For the purpose of reducing transaction costs and risk, transactions leading to income and expenses of a foreign subsidiary can be made in the same currency, usually the local currency, as a form of natural hedge.

Net debt

Figure that describes the level of indebtedness of a company if all current assets were taken into account for the purpose of repaying its liabilities. Net debt is calculated on the basis of interest-bearing liabilities (primarily bank borrowings) less cash and cash equivalents.

Net finance income/cost

Profit or loss arising from financial transactions, e.g., interest income and expenses, income and expenses attributable to investments, or income and expenses attributable to exchange rate differences. Net finance income or cost is a component of pre-tax earnings presented in the income statement.

O Operating free cash flow (before acquisitions)

Operating free cash flow represents the funds freely available to the company for distribution. It is calculated by subtracting capital expenditure payments from net cash from operating activities. Operating free cash flow does not include cash payments in respect of acquisitions and cash payments for investments in financial assets.

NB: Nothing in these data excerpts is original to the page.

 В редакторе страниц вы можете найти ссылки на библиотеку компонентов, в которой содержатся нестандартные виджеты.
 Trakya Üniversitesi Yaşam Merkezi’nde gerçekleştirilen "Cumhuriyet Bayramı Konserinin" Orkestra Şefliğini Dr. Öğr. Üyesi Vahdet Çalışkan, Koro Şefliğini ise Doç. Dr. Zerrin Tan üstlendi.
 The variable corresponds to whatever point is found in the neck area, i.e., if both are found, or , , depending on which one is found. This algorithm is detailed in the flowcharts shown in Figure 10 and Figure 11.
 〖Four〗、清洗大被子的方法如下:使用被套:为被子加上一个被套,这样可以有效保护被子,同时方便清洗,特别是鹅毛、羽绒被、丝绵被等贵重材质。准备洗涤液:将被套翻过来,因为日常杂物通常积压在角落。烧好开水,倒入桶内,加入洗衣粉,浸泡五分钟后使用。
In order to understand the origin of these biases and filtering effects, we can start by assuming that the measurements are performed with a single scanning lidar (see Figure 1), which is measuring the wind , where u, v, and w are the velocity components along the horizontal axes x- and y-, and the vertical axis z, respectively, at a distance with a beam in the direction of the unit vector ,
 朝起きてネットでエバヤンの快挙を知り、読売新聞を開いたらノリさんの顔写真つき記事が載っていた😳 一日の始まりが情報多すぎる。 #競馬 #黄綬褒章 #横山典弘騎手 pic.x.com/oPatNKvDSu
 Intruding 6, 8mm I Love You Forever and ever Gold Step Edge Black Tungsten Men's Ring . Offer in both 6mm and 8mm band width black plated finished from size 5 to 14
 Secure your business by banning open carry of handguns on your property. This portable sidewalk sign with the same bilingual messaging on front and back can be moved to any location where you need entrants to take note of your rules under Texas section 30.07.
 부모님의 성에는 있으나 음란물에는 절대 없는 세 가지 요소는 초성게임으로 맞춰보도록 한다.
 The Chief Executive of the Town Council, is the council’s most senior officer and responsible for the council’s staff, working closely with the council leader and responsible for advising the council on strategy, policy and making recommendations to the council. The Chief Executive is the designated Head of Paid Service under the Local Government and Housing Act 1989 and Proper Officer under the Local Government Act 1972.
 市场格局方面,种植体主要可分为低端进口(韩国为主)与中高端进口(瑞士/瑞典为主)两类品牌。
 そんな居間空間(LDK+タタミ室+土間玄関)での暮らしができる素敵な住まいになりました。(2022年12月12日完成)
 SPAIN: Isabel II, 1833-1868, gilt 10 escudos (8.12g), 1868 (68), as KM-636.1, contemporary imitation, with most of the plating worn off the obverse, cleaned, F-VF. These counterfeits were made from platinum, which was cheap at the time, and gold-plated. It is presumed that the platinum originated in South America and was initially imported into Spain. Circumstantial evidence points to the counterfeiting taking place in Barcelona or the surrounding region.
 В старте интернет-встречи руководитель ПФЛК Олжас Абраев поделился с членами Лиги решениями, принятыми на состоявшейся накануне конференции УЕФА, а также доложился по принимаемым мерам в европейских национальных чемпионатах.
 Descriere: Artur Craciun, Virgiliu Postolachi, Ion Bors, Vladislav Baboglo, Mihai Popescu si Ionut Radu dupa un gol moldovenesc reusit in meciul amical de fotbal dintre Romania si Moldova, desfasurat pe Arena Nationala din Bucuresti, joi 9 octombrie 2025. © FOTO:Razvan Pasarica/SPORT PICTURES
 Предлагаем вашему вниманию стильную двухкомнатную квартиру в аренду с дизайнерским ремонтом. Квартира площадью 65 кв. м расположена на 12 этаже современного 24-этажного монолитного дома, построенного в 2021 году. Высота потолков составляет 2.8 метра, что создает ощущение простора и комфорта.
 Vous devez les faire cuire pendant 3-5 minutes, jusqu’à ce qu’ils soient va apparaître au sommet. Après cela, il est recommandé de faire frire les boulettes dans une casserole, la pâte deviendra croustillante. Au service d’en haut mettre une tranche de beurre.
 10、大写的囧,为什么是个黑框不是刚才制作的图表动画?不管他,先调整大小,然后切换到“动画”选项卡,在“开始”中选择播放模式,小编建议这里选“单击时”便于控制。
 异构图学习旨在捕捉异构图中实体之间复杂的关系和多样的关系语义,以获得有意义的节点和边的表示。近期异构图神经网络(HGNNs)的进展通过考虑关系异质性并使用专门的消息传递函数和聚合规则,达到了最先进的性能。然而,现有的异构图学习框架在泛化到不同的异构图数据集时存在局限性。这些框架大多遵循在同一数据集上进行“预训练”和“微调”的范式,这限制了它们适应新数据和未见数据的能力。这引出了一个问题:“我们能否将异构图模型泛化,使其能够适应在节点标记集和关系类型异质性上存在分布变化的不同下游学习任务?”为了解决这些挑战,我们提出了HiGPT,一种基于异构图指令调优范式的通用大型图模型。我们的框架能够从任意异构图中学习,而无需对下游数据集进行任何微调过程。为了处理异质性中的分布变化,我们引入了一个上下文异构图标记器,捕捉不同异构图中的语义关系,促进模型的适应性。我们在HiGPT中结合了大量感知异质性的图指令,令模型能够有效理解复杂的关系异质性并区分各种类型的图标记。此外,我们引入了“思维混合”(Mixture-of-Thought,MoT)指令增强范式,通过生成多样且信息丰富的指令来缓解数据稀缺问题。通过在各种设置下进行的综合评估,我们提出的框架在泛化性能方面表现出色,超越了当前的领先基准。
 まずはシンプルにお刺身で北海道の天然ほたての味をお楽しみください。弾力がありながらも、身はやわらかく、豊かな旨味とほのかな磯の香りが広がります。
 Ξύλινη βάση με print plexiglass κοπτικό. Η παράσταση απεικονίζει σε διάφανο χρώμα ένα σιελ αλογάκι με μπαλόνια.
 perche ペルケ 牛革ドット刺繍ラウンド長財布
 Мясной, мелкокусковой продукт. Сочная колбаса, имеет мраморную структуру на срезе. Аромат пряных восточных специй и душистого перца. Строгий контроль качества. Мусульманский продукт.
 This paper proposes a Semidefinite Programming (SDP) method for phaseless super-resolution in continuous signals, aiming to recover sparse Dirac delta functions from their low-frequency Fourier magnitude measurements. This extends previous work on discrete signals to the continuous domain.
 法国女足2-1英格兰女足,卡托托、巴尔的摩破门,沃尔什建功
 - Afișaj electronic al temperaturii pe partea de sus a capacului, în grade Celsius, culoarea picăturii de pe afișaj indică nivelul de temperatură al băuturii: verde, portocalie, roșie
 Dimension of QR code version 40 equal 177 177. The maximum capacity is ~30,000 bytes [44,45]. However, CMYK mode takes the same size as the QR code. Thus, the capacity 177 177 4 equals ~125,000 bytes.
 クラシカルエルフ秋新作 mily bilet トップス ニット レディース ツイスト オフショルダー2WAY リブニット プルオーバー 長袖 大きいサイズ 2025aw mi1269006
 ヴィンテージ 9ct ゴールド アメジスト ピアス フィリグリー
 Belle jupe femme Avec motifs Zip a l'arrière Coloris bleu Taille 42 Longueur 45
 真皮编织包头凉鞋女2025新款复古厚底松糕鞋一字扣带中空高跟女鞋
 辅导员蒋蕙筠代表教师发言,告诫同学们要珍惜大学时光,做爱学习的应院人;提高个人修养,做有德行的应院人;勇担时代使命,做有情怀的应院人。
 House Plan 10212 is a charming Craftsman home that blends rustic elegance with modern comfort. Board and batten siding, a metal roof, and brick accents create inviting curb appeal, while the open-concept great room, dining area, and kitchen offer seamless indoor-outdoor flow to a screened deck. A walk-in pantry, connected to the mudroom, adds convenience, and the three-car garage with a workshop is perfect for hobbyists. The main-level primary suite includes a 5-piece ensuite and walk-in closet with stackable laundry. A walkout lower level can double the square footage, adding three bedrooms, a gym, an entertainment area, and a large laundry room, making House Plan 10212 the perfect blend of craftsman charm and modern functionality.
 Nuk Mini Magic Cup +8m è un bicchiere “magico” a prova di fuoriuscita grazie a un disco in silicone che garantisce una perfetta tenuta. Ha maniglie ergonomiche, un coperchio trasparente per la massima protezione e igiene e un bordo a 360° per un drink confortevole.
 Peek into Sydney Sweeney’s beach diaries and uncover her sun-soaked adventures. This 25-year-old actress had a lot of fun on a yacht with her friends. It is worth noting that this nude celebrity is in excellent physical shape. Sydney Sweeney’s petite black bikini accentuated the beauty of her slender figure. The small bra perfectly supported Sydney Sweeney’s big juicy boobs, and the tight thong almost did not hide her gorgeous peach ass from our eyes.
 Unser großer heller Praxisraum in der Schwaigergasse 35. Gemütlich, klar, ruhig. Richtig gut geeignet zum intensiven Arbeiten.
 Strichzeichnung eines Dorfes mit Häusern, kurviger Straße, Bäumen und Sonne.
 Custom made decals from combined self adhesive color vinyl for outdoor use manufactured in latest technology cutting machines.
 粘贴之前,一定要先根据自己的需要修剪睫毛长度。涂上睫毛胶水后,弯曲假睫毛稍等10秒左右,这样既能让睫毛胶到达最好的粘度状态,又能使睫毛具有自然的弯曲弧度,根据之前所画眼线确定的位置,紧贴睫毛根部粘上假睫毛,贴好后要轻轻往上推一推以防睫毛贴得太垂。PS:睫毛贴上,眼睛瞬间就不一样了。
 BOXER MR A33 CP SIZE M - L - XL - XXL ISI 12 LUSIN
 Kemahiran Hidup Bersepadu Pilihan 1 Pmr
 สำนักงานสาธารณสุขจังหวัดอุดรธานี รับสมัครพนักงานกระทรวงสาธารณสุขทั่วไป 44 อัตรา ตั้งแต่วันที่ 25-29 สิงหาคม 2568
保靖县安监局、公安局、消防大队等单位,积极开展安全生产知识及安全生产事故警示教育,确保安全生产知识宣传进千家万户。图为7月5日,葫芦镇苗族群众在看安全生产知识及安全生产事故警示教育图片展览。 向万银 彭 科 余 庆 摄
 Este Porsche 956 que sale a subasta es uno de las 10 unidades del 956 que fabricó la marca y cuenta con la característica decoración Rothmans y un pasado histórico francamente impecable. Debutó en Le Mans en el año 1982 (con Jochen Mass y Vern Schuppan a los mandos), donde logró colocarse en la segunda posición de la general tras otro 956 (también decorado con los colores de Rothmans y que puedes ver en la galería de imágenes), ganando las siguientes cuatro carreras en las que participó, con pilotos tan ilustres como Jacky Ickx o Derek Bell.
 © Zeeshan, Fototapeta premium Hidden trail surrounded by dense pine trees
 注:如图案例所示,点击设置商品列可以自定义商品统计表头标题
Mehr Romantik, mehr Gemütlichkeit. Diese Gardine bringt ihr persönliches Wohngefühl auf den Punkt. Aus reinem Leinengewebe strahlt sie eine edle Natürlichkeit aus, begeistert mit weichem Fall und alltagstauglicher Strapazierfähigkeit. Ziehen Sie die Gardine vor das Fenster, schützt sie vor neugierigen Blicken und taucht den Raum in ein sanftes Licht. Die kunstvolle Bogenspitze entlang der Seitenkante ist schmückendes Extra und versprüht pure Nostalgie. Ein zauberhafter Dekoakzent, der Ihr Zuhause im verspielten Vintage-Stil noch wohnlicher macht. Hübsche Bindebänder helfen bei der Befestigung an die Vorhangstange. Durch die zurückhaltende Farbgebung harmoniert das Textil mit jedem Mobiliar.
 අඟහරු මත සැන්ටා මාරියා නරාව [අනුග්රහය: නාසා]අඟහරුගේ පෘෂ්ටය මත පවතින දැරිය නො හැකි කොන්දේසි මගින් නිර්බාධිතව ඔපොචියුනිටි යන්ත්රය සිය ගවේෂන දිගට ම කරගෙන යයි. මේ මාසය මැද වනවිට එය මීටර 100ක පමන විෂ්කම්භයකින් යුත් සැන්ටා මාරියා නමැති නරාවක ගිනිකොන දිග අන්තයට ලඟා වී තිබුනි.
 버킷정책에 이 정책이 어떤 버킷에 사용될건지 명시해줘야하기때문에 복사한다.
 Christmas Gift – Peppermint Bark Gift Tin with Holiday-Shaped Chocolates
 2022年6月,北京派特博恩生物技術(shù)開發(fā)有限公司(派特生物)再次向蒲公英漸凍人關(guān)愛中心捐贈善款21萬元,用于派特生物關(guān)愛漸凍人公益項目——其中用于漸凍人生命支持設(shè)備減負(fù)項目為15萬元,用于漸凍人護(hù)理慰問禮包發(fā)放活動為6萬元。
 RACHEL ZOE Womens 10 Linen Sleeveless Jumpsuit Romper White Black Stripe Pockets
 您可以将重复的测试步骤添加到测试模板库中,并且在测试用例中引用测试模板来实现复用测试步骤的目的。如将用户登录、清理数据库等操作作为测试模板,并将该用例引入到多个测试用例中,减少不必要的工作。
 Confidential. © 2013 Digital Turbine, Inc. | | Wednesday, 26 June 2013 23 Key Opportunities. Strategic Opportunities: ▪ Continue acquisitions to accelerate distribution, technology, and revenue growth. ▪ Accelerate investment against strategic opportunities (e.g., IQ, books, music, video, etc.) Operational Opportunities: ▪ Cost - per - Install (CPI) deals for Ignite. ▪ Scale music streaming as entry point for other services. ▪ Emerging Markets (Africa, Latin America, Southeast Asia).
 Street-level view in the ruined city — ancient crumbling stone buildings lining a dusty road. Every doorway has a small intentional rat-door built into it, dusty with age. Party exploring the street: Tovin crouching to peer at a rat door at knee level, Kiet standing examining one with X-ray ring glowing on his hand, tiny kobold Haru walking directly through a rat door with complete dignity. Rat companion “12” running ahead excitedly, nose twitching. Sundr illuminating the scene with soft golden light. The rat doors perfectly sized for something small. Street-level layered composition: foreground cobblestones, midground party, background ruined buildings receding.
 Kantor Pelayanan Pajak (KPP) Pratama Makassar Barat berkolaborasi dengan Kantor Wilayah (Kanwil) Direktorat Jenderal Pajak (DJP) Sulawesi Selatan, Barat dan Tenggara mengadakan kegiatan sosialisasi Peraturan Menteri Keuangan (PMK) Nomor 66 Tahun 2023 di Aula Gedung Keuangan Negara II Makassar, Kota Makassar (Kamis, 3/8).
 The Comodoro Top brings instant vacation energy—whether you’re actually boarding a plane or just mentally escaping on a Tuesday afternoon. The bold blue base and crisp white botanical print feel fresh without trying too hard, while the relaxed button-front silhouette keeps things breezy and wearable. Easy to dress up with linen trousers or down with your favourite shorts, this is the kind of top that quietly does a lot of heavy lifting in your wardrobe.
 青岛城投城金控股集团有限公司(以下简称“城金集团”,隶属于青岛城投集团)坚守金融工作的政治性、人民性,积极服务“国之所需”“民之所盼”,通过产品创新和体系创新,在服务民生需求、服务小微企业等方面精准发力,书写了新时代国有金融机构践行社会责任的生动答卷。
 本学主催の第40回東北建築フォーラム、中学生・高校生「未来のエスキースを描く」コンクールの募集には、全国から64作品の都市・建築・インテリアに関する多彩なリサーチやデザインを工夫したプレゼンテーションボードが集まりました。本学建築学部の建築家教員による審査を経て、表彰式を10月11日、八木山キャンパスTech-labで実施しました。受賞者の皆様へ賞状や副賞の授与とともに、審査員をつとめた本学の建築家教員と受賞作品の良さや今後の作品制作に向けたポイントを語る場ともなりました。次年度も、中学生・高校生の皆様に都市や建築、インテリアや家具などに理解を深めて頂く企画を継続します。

P Purchase price allocation

Purchase price allocation (PPA) refers to the allocation of the price paid in the purchase of a company or an interest in a company to the individual identifiable assets and liabilities acquired as part of this transaction. As part of the formal procedure of consolidation within the Group, for example, it is possible to capitalize assets of an acquired entity, such as the customer base and order backlog, that would not otherwise qualify for capitalization in normal business. This leads to write-downs that have a dilutive effect on operating profit at Group level.

R ROCE

Return on capital employed (ROCE) measures a company's profitability and the efficiency with which its capital is employed. In this context, EBIT is divided by average capital employed. At ElringKlinger, capital employed includes shareholders' equity, financial liabilities, provisions for pensions, and non-current provisions such as anniversary and partial-retirement provisions.

S SDAX

The Small Cap Index (SDAX) is a stock index that was introduced by Deutsche Börse in 1999. It measures the performance of the fifty biggest Prime Standard companies ranked below the DAX and MDAX in terms of market capitalization and trading volume.

Statement of cash flows

The statement of cash flows shows the calculations for the flow of funds generated by a company from operating, investing, and financing activities during the reporting period. The statement of cash flows helps determine the company's ability to generate cash and cash equivalents.

W WpHG

Abbreviation for Wertpapierhandelsgesetz (Securities Trading Act).

Technology

B Bipolar plates

Bipolar plates are the key mechanical components in fuel cell stacks (cf. "Stack"). Their function is to create an electrical interconnection between two cells. In other words, they transmit the electricity generated, supply the cells with hydrogen and oxygen, and distribute the coolant. ElringKlinger develops and manufactures metal bipolar plates. Among the technical requirements for these components are high-precision metal-forming within the contact area (in the micrometer range); accurate, low-distortion laser welding of the cathode and anode plates; and suitable conductive and anti-corrosion coatings.

C CAFE regulations

The CAFE (Corporate Average Fuel Economy) regulations are the US equivalent of European CO2 legislation. They impose average permitted fleet consumption limits on US manufacturers. Failure to comply with the strict CAFE regulations can result in substantial fines.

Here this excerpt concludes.